═══ Exercise data

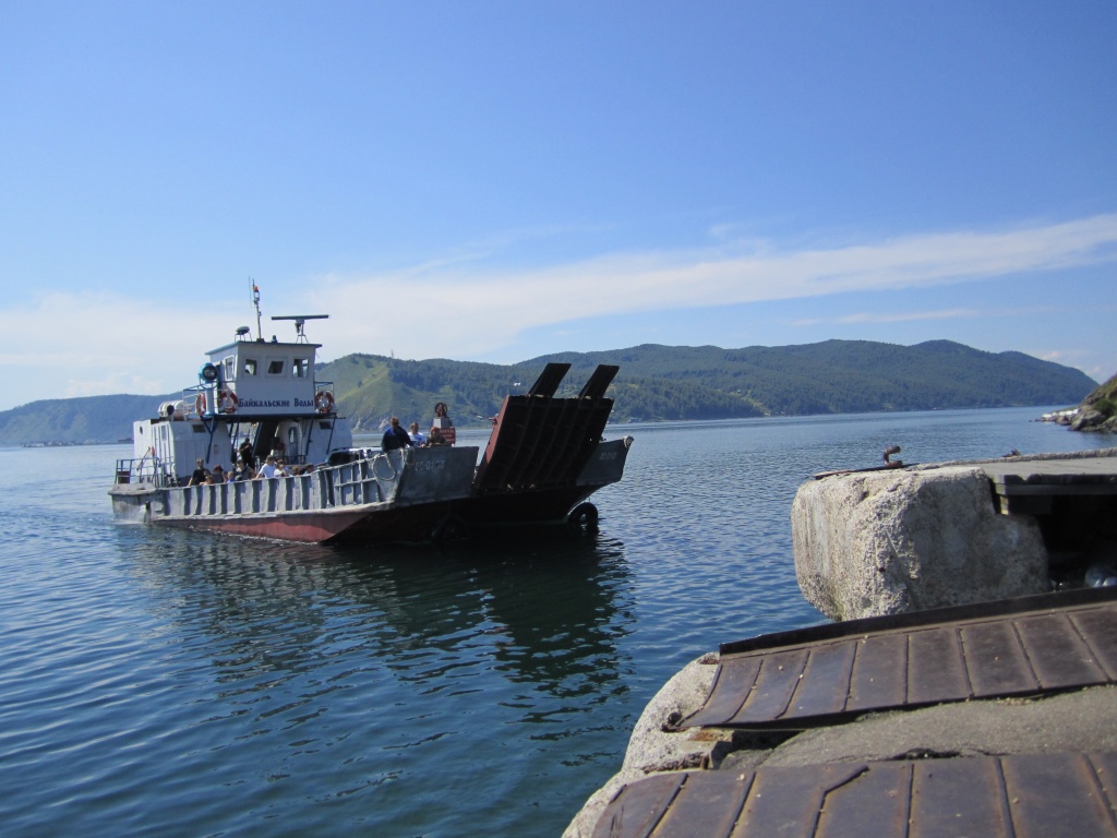51. Днем вернулись в Иркутск, а на следующее утро я собрался в другое путешествие, но уже один. Утром с автовокзала на маршрутке доехал до Листвянки. Небольшой поселок на берегу Байкала, прямо у истока Ангары. Достопримечательности – горячий копченый байкальский омуль. Высший класс, 100р за 30см рыбку. Направлялся я на противоположный берег, в Порт Байкал, чтобы оттуда уехать по Кругобайкальской железной дороге. Между берегами курсирует паром, на этот раз платный и гораздо реже, чем на Ольхон. Для пешеходов цена невелика.
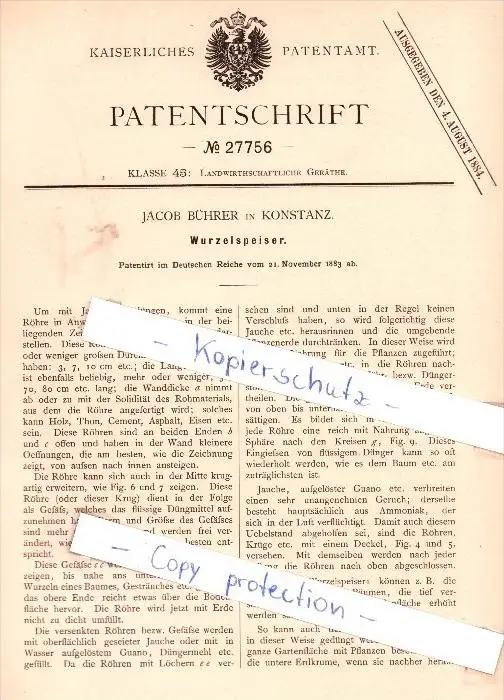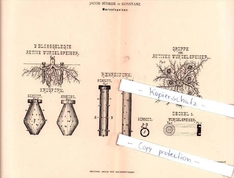 Original Patent - Jacob Bührer in Konstanz , 1883 , Wurzelspeiser !!!
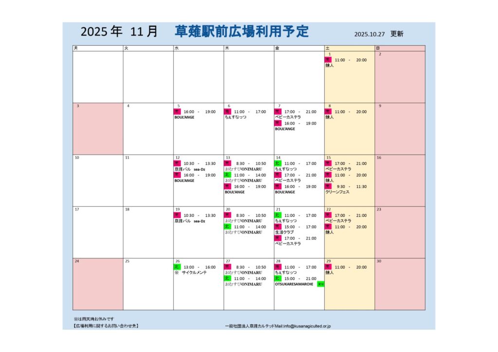 11月の広場の利用予定表はこちらです。
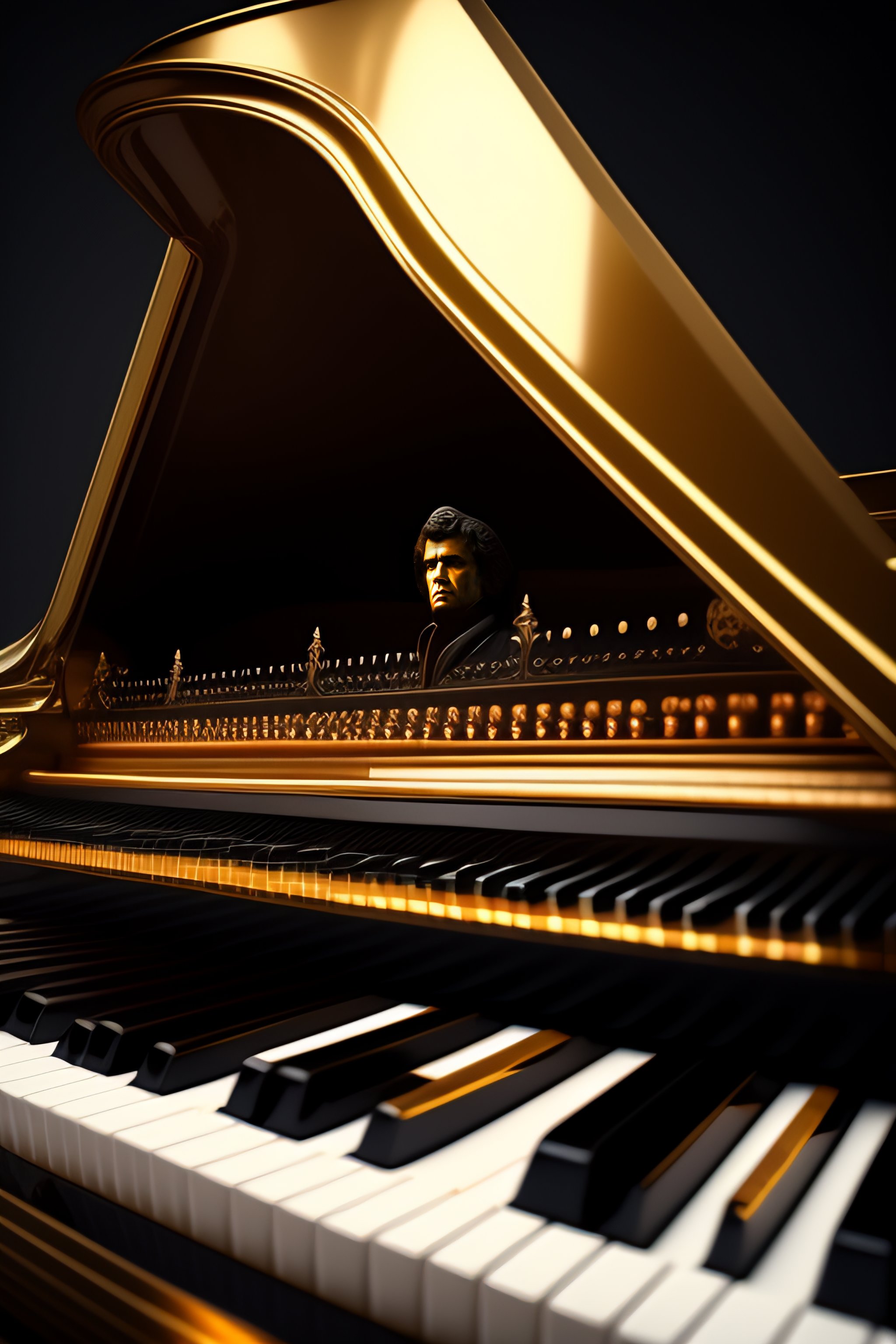 Classical piano 17 century. beethoven, 4k, sci-fi beauty, dark abeyance, beethoven as a keyboard player
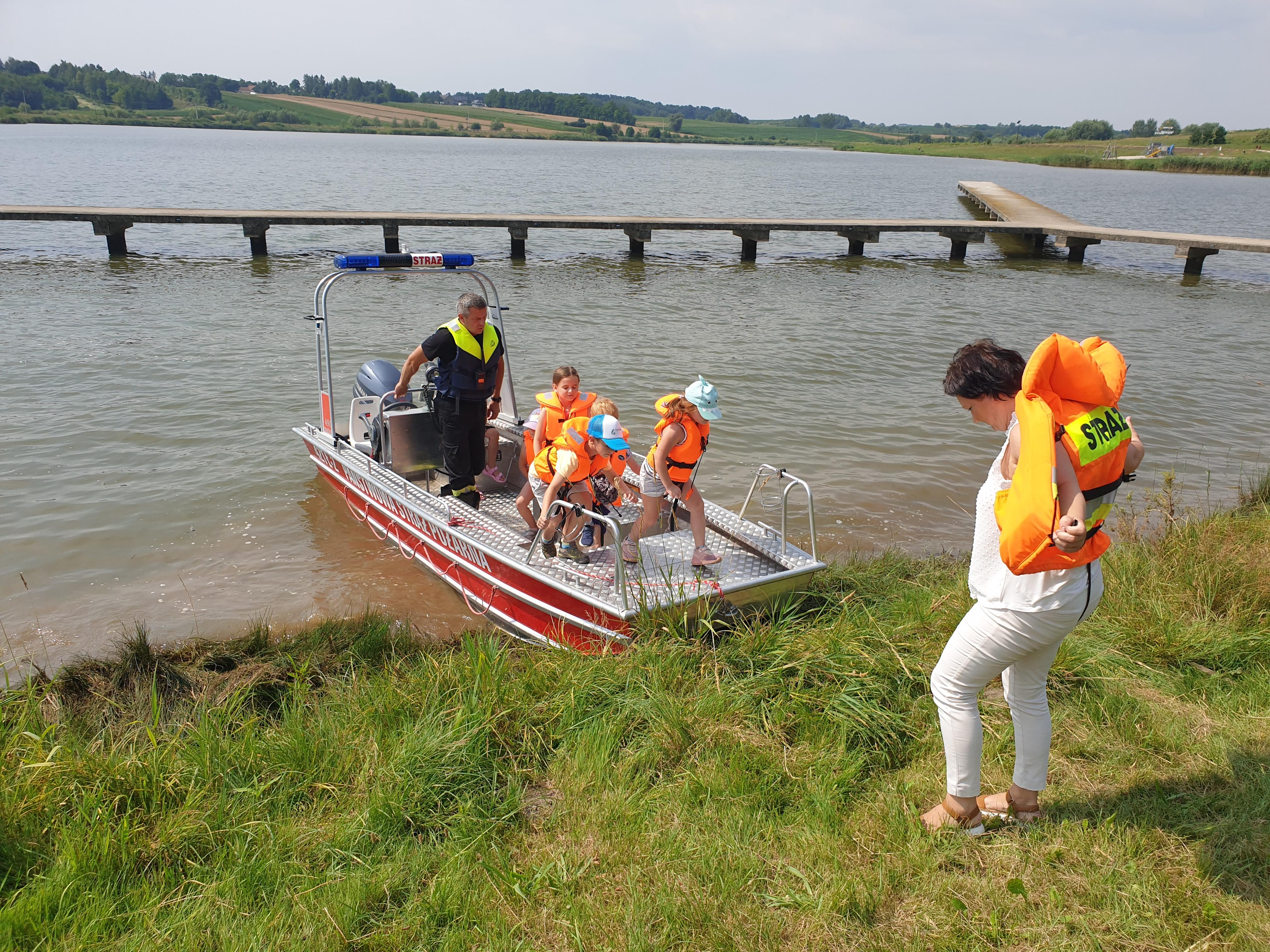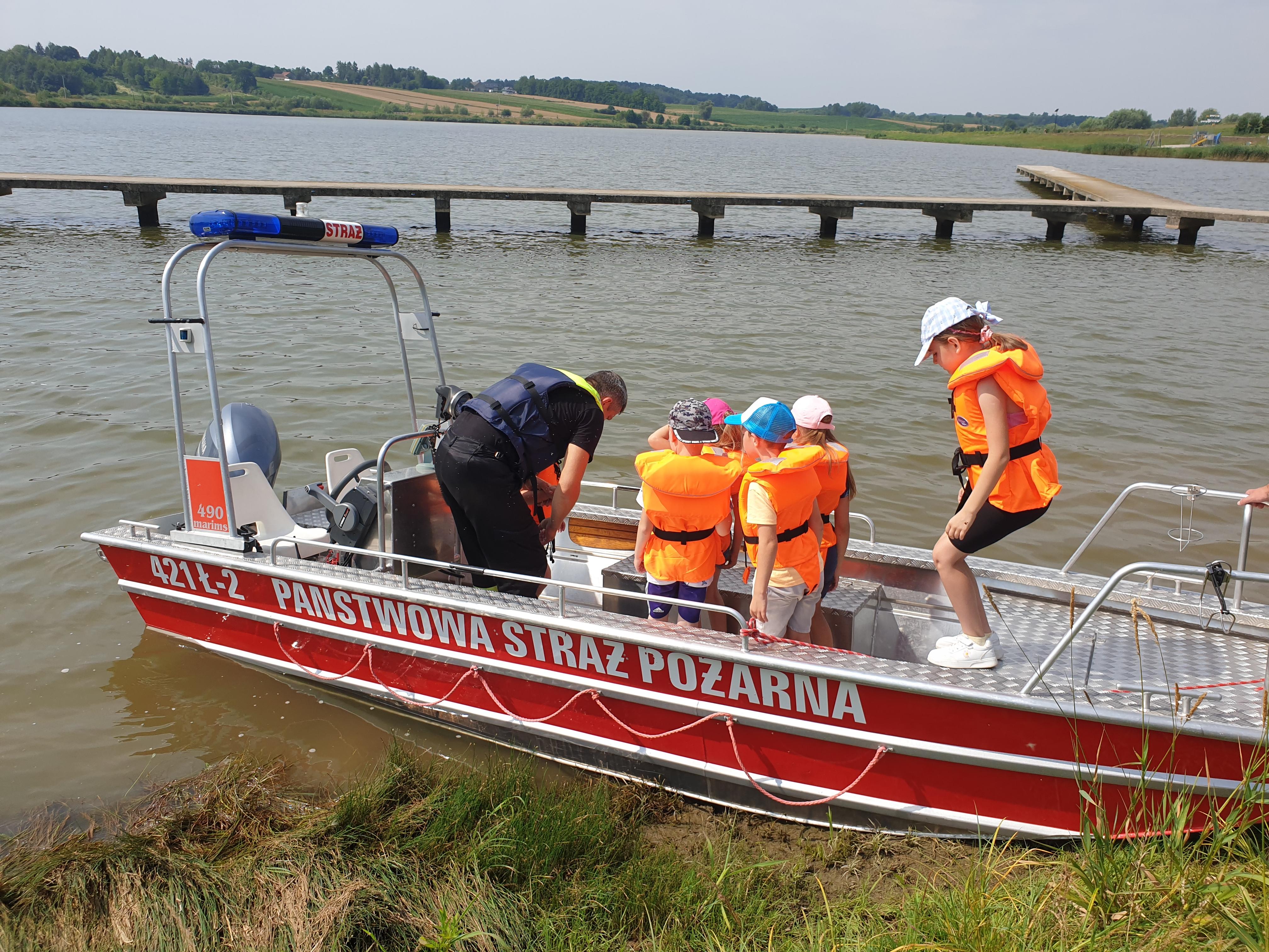 Wspólne patrole funkcjonariuszy Państwowej Straży Pożarnej i funkcjonariuszy Policji na kazimierskich akwenach wodnych oraz prelekcja dla dzieci „Bezpieczne wakacje nad wodą”
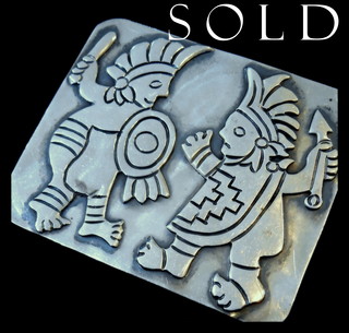 "TWO AZTEC WARRIORS" big bold heavy silver plaque brooch

══════

*What is expected*
No picture belongs in the answer, but every word of the records above does, exactly as given.

*Answer to this task*
51. Днем вернулись в Иркутск, а на следующее утро я собрался в другое путешествие, но уже один. Утром с автовокзала на маршрутке доехал до Листвянки. Небольшой поселок на берегу Байкала, прямо у истока Ангары. Достопримечательности – горячий копченый байкальский омуль. Высший класс, 100р за 30см рыбку. Направлялся я на противоположный берег, в Порт Байкал, чтобы оттуда уехать по Кругобайкальской железной дороге. Между берегами курсирует паром, на этот раз платный и гораздо реже, чем на Ольхон. Для пешеходов цена невелика.
 Original Patent - Jacob Bührer in Konstanz , 1883 , Wurzelspeiser !!!
 11月の広場の利用予定表はこちらです。
 Classical piano 17 century. beethoven, 4k, sci-fi beauty, dark abeyance, beethoven as a keyboard player
 Wspólne patrole funkcjonariuszy Państwowej Straży Pożarnej i funkcjonariuszy Policji na kazimierskich akwenach wodnych oraz prelekcja dla dzieci „Bezpieczne wakacje nad wodą”
 "TWO AZTEC WARRIORS" big bold heavy silver plaque brooch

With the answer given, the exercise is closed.